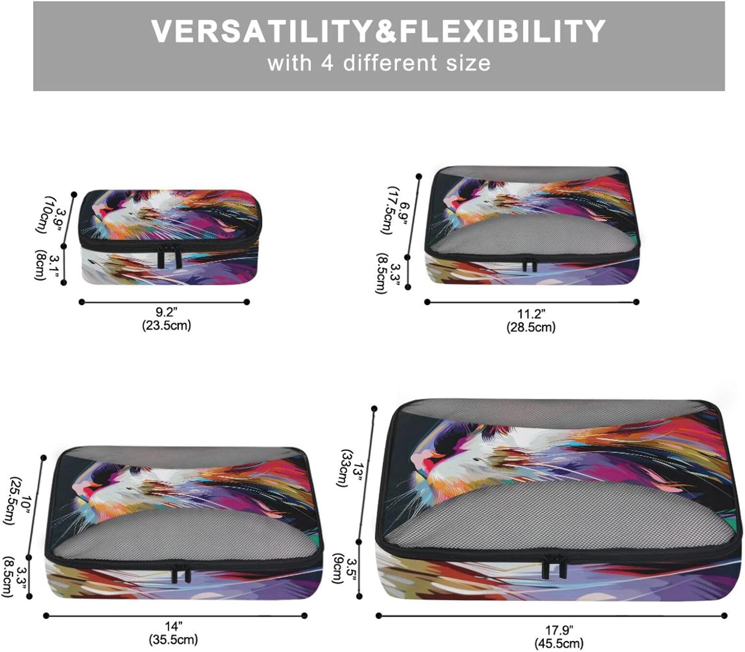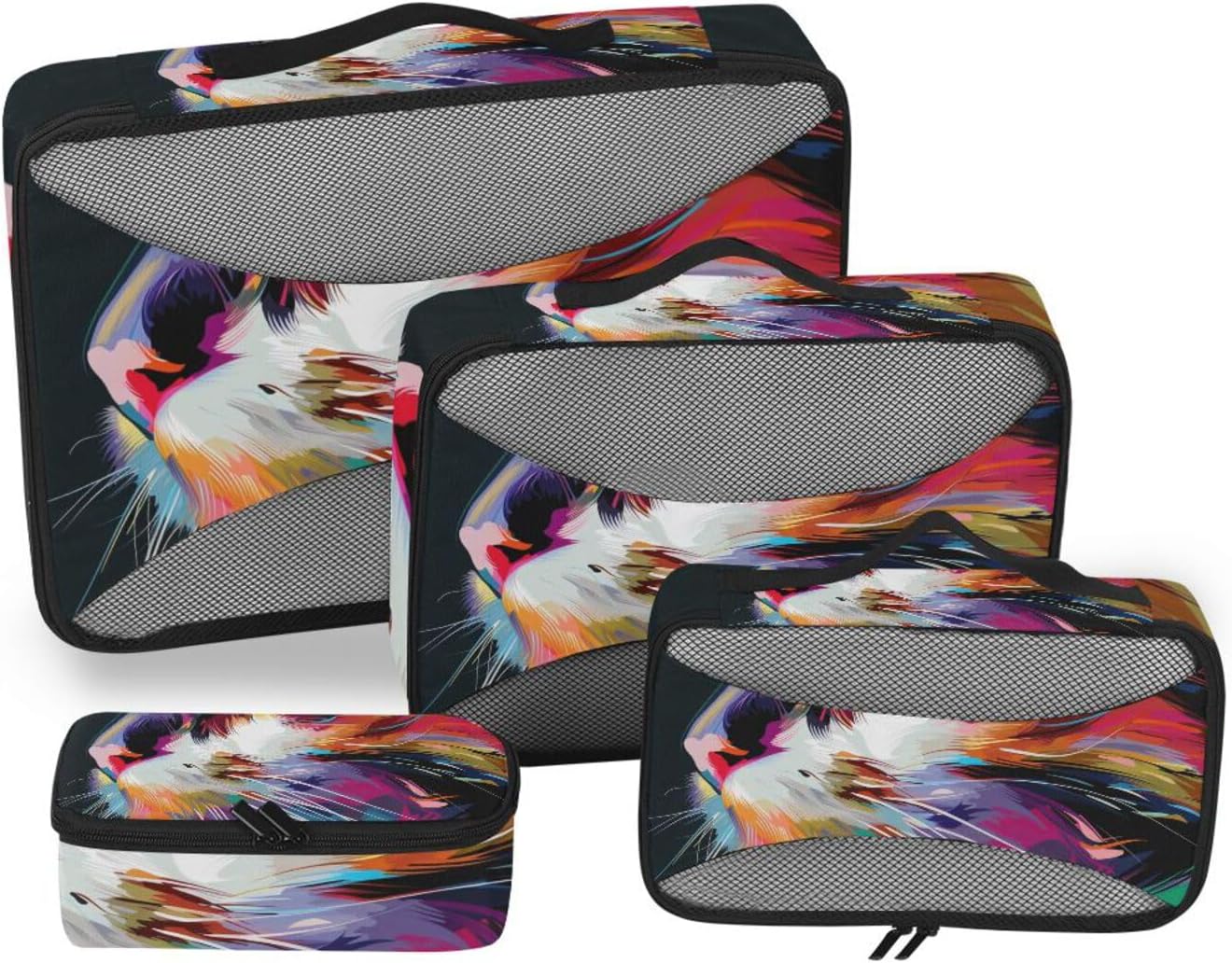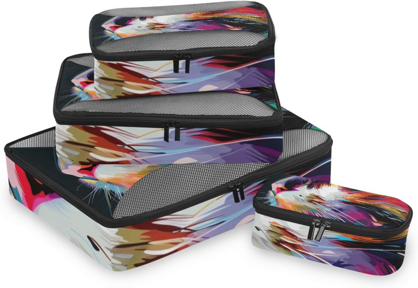 Packing Cubes for Travel 4 Set Cat Rainbow Pet Luggage Set Suitcase Organizer Bags Mesh Accessories Storage Pouch Toiletry Packing Cubes
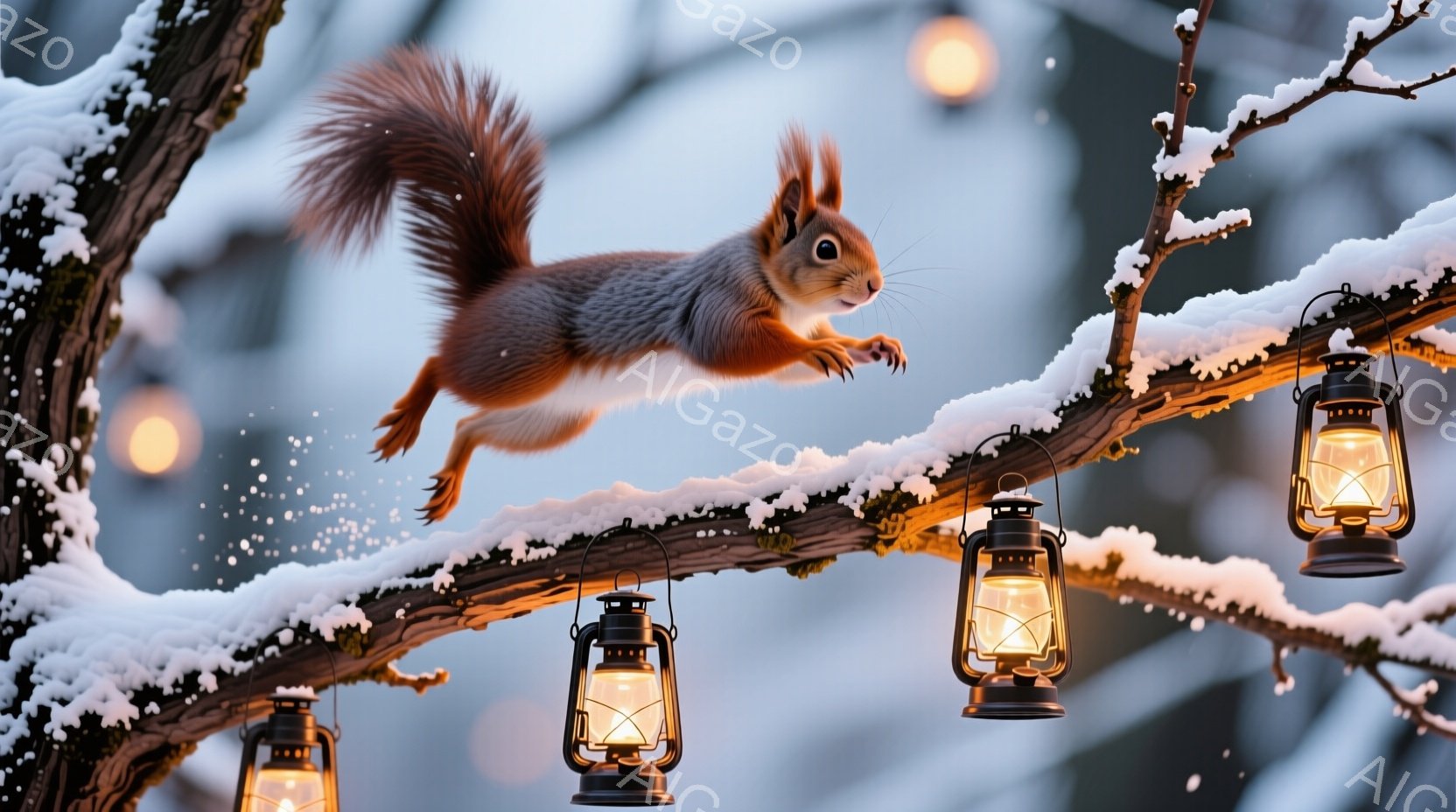 白い雪で覆われた木の枝の上で、リスが躍動的なジャンプをしています。周囲には、温かい光を放つ古いランタンが吊るされ、雪景色の中に幻想的な雰囲気を添えています。背景はぼやけていますが、暗い森と雪が降る夜空が感じられ、静かで穏やかな冬の情景が広がっています。
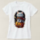 Celebrate Halloween with whimsy in this charming t-shirt design. A cute cat, donning an adorable cape, perches elegantly atop a meticulously carved pumpkin. Its mischievous gaze hints at an enchanting secret, while the pumpkin's flickering light adds an air of mystique. This design captures the essence of Halloween's playful spirit, blending feline charm with the magic of pumpkin-carving traditions.
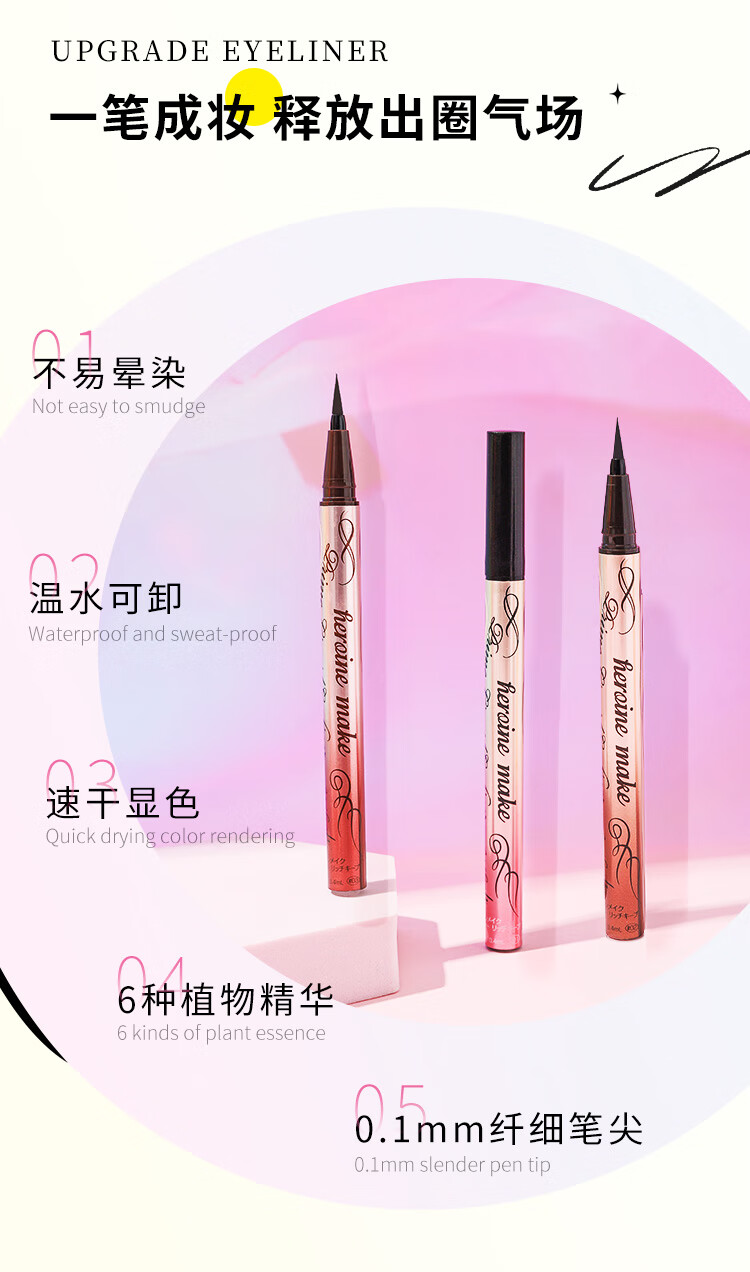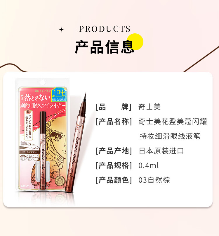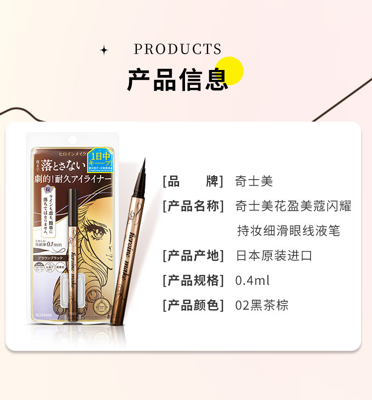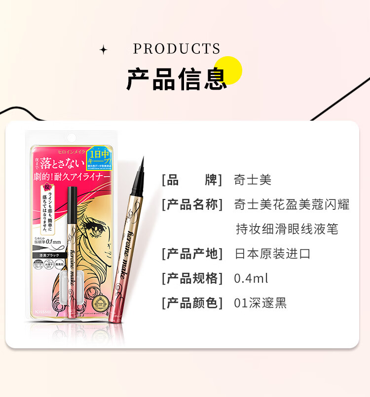 奇士美(kiss me)花盈美蔻闪耀持妆细滑眼线液笔0.4ml(日本进口) 01深邃黑
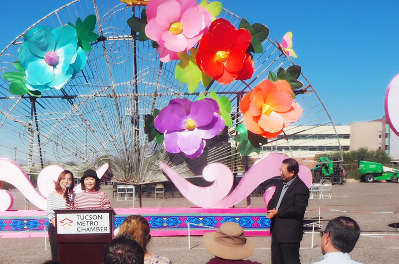Pima郡行政長官Ramon Valadez,圖森市常務(wù)副市長Richard G. Fimbres,圖森市大都會商會董事長Amber Smith分別發(fā)表致辭,感謝本次燈展活動對中美文化交流作出的巨大貢獻(xiàn),希望促進(jìn)多元化的世界文化交流。他們在講話中贊嘆東方彩燈精妙絕倫的制燈工藝,稱“2018世界之光圖森彩燈嘉年華”用傳統(tǒng)、時尚、新鮮、現(xiàn)代的元素直面美國觀眾。當(dāng)?shù)仉娕_、電視臺、報紙等17家新聞媒體出席新聞發(fā)布會并對燈展進(jìn)行了相關(guān)報道。
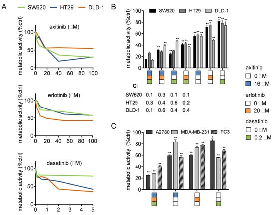Synergistic drug combination (SDC) of axitinib, erlotinib, and dasatinib synergistically inhibits cancer cell metabolic activity. (A) Dose response curves of axitinib, erlotinib, and dasatinib in the CRC (SW620, HT29, DLD-1) cell lines. (B) Metabolic activity of the SDC compared to the two-drug combinations. CI indicates the Combination Index that was assessed using the Chou–Talalay method [27]. CI values are showed below the graph. CI < 0.9 indicates synergism, CI = 0.9 indicates an additive effect, and CI > 1 indicates antagonism. Significance (* p < 0.05, ** p < 0.01) for two-drug combinations and monotherapies is indicated as compared to the SDC. (C) Metabolic activity of the SDC in ovarian carcinoma (A2780), breast cancer (MDA-MB-231), and prostate cancer (PC3) cells. Significance (* p < 0.05, ** p < 0.01) is indicated as compared to control. (A,B) Color coded drug doses include axitinib 16 μM, erlotinib 20 μM, and dasatinib 0.2 μM and are based on our previous study [20]. Metabolic activity was assessed after 72 h of drug administration by the CellTiter-Glo® luminescence assay and are represented as a percentage of the control. Cells treated with 0.1% DMSO were used as a control (ctrl). Error bars indicate SEM.
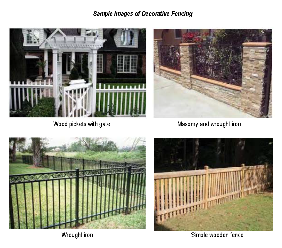 Any wall or fence which extends into the front yard, where allowed, on property containing less than three acres shall be ornamental or decorative and may be constructed of brick, stone, wood, stucco, wrought iron or split rail; provided that no wall or fence shall be constructed of exposed concrete block, tires, junk or other discarded materials. Any front yard fence or hedge row, where allowed, shall be setback a minimum of three feet from the edge of the right of way.
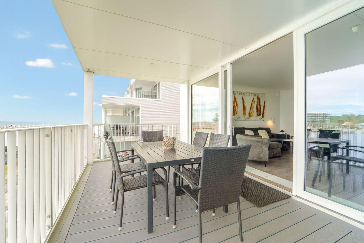 Der großzügige Balkon mit Gartenmöbeln lädt Dich ein, die frische Ostseeluft zu genießen. Durch die erhöhte Lage im 3. Stock erlebst Du einen besonders freien und weiten Blick über das Meer.
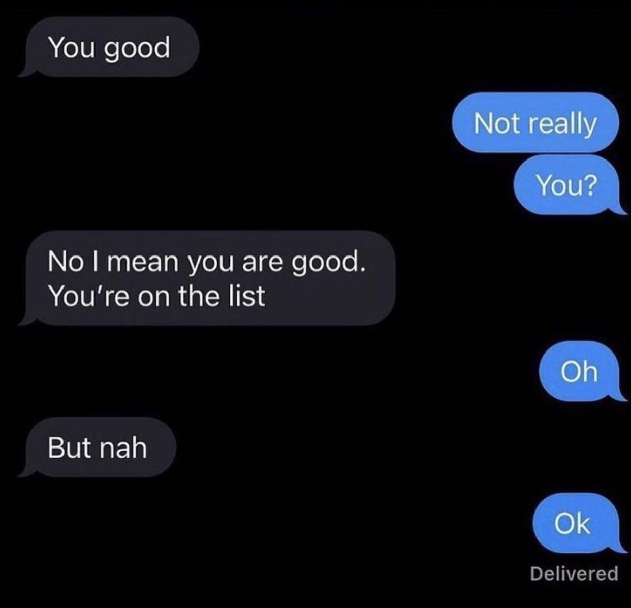 Whenever my wife asks if I’m OK … I tell her I’m not … and we joke and laugh about it
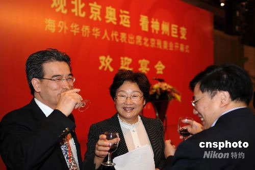 9月6日,國僑辦主任李海峰在北京向華僑華人代表敬酒。當(dāng)日,國務(wù)院僑務(wù)辦公室舉行宴會,歡迎出席北京殘奧會開幕式的100位華僑華人代表。中新社發(fā) 廖攀 攝

● **What you will do**
Print the entries as they stand, first line through the line holding "白い雪で覆われた木の枝の上で", with every picture removed.

● **Output for this task**
 Packing Cubes for Travel 4 Set Cat Rainbow Pet Luggage Set Suitcase Organizer Bags Mesh Accessories Storage Pouch Toiletry Packing Cubes
 白い雪で覆われた木の枝の上で、リスが躍動的なジャンプをしています。周囲には、温かい光を放つ古いランタンが吊るされ、雪景色の中に幻想的な雰囲気を添えています。背景はぼやけていますが、暗い森と雪が降る夜空が感じられ、静かで穏やかな冬の情景が広がっています。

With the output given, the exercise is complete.